WORK INSTRUCTIONS :: Leaving the pictures aside, return all of the data below exactly.

==============================

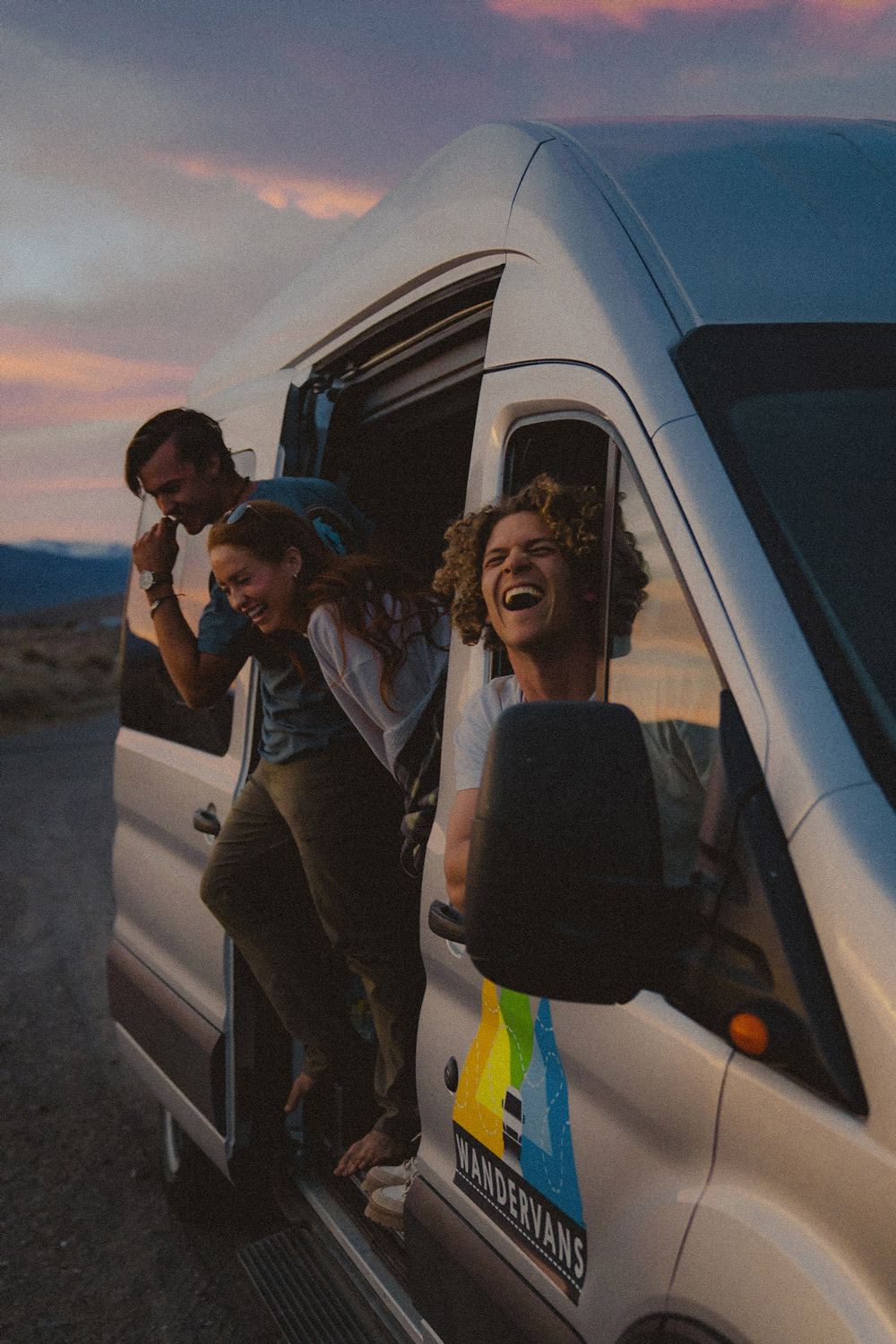 Three people share a medium van together.
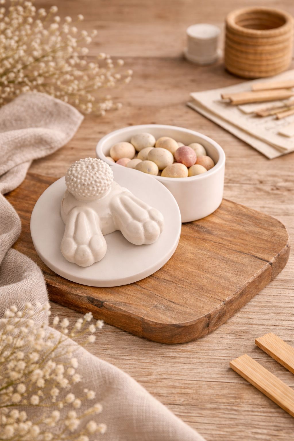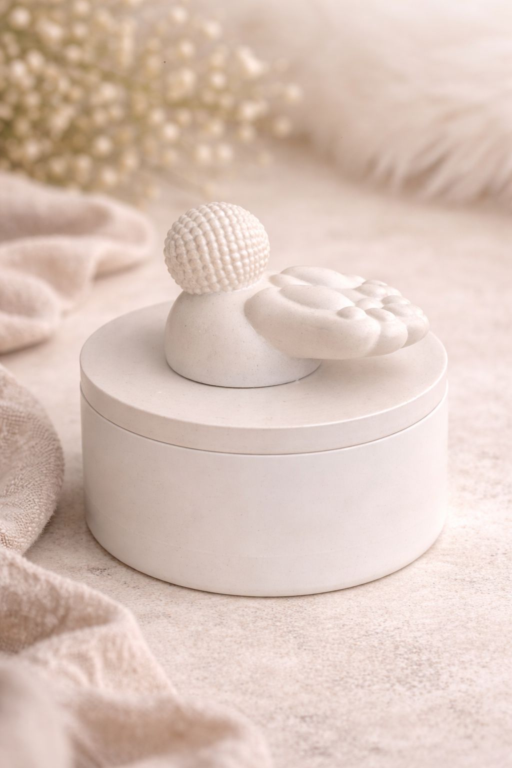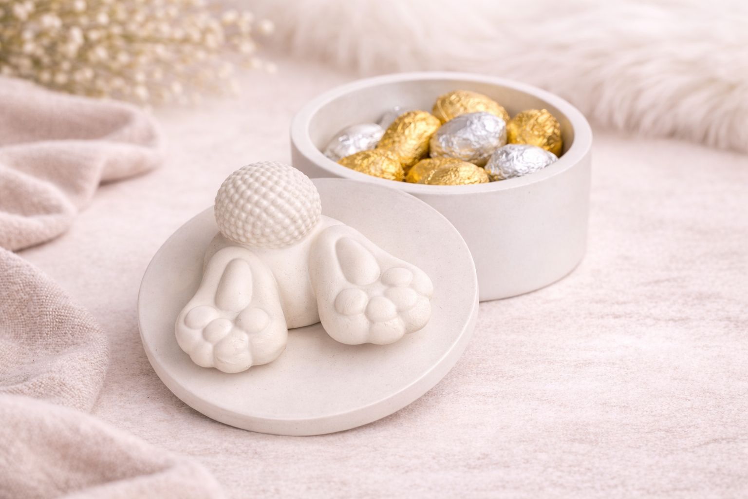 Une bougie artisanale pleine de douceur, où les petites pattes et la queue de lapin semblent plonger délicatement dans le couvercle.
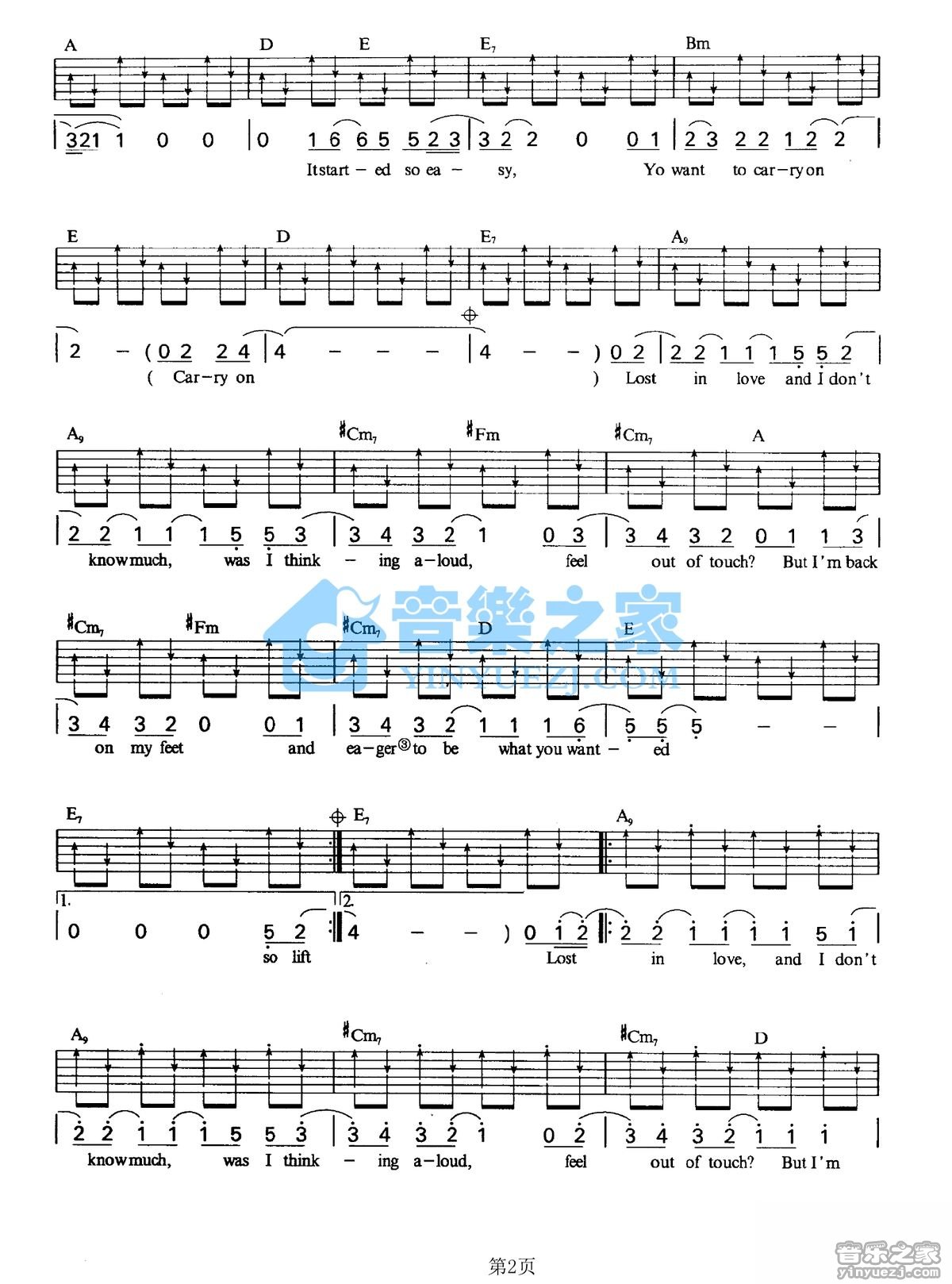 Air Supply《Lost In Love》吉他谱,共有3张高清图谱。A调版AirSupply《LostInLove》吉他弹唱六线谱
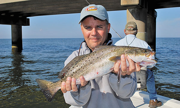 “The most important thing about fishing the Causeway is to be sure to let the bait hit the bottom before beginning the retrieve. It is 13 to 14 feet deep along the bridge. Always start by hitting the northwest corner of each piling first. That’s the best corner.”
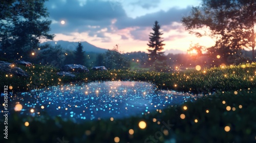 Enchanting sunset reflection serene landscape digital art nature tranquil viewpoint dreamy concept

==============================

FINISHED TASK ::
 Three people share a medium van together.
 Une bougie artisanale pleine de douceur, où les petites pattes et la queue de lapin semblent plonger délicatement dans le couvercle.
 Air Supply《Lost In Love》吉他谱,共有3张高清图谱。A调版AirSupply《LostInLove》吉他弹唱六线谱
 “The most important thing about fishing the Causeway is to be sure to let the bait hit the bottom before beginning the retrieve. It is 13 to 14 feet deep along the bridge. Always start by hitting the northwest corner of each piling first. That’s the best corner.”
 Enchanting sunset reflection serene landscape digital art nature tranquil viewpoint dreamy concept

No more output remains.